The outlook for apartment construction is showing tentative signs of improvement, though developers remain cautious about rising costs and continued delays. According to the National Multifamily Housing Council’s third-quarter survey, business sentiment for apartment development edged slightly higher, but concerns tied to labor, permitting and future expenses continue to weigh on the industry.

NMHC’s market conditions index registered 51 in the third quarter, up from 47 in June. About 18 percent of survey respondents said they expect conditions to improve over the next three months, compared with 16 percent who anticipate a decline and 64 percent who believe conditions will remain stable. In June, just 11 percent forecasted near-term improvement. Looking further out, optimism extends into the six- to 12-month horizon, where 61 percent of respondents said they expect conditions to improve, compared with 11 percent predicting declines.

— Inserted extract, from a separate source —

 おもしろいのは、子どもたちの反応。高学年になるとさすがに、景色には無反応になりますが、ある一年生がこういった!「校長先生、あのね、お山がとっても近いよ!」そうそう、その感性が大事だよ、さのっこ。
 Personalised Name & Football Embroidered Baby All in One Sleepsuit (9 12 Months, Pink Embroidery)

Construction pricing remained a mixed picture. Of projects put on hold in recent months, 26 percent had to be repriced upward, while 41 percent were repriced downward. The median adjustment was a 3 percent shift, with the average change totaling 5 percent, according to NMHC.

Expectations for construction costs were split. Over the next three months, 48 percent of respondents anticipated stability, while 30 percent expected costs to fall and 23 percent expected them to rise. Sentiment shifted as the time horizon extended, as 49 percent of respondents projected costs would increase in six to 12 months.

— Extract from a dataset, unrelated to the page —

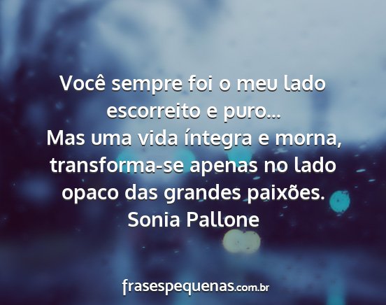 transforma-se apenas no lado opaco das grandes paixões.Sonia Pallone

Financing conditions showed a gradual improvement in confidence. In the near term, just 11 percent of participants expect equity financing to become more available, while 15 percent predict tighter availability and 70 percent see no change. However, that outlook brightens in the longer term, with 68 percent of respondents anticipating greater availability of equity financing within the next six to 12 months. Debt financing sentiment was stronger, with more than a quarter of respondents expecting improvement in the next three months and 60 percent expecting greater access over the next year.

Labor availability remains a concern. In the next three months, 23 percent of respondents said they expected more workers to become available, while 27 percent projected less availability and nearly half see conditions staying the same. Six to 12 months out, 43 percent expect labor availability to decline. For materials, the short-term outlook was more balanced, with most respondents expecting stable availability or modest improvement, though 27 percent anticipate worsening conditions a year out. About 18 percent of respondents reported recent material delays, while 68 percent said they had not experienced disruptions.

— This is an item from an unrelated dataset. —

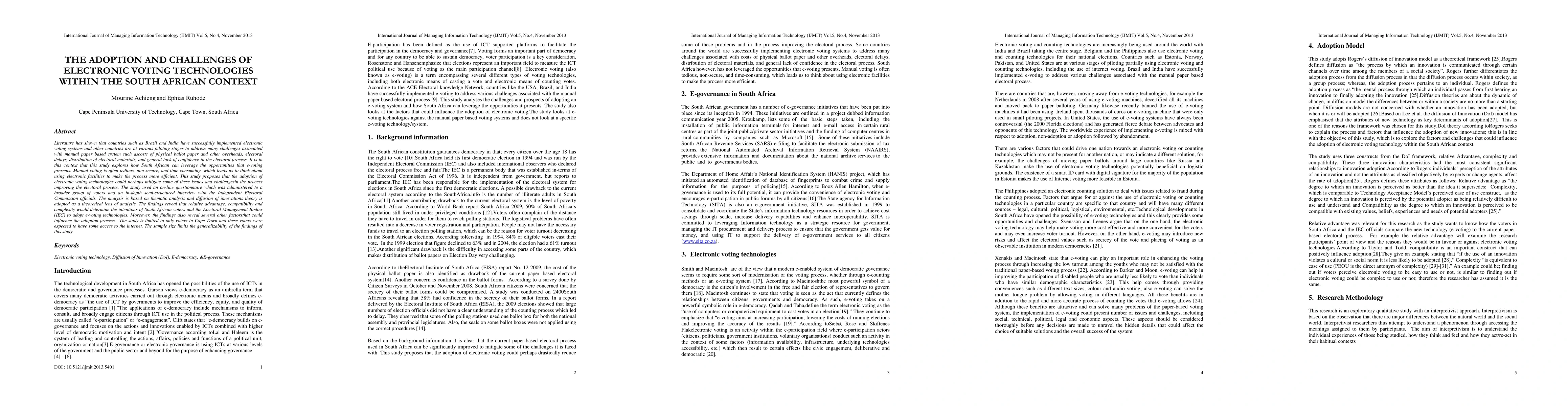This study examines the potential adoption and challenges of electronic voting technologies in South Africa, drawing on experiences from Brazil and India. Findings suggest that factors like relative advantage, compatibility, and complexity influence voter and electoral body intentions to adopt e-voting, though the study's limited scope in Cape Town restricts generalizability.

Construction delays remain widespread. Forty-six percent of respondents reported project delays this quarter, slightly higher than in June. Of those with disruptions, permitting was cited as the most common source, with three out of four developers identifying it as the key bottleneck. Permit timelines also remain lengthy, as 26 percent of builders reported a three-to-four-month wait, 20 percent cited five-to-six months, while 13 percent said obtaining permits required at least nine months.